- Task details -
Your output should be the lines from the one containing "Documents related to" through the last line below, both ends included, exactly as written and free of pictures.

- Provided material -
<<<<

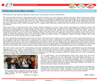
Welcome from Miss Arthur Page 2
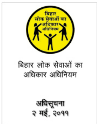
BRTPS Act, 2011

Documents related to Bihar Right to Public Services Act, 2011 (BRTPS) , as published by the Dept., can be viewed using the links given below:
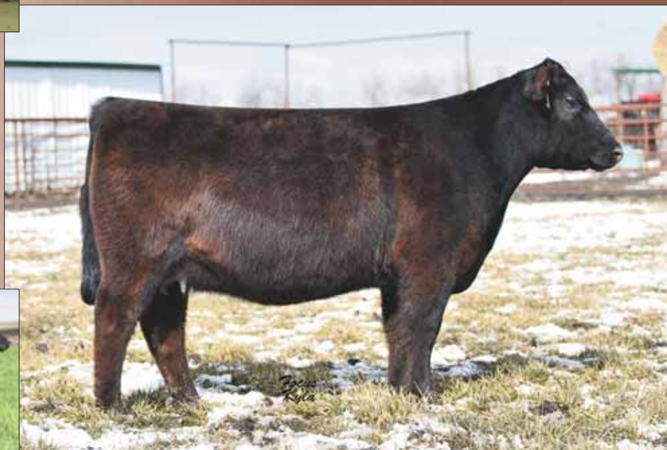
Lot 34 « PVF Blackbird 8036

>>>>

- Exercise solution -
Documents related to Bihar Right to Public Services Act, 2011 (BRTPS) , as published by the Dept., can be viewed using the links given below:
Lot 34 « PVF Blackbird 8036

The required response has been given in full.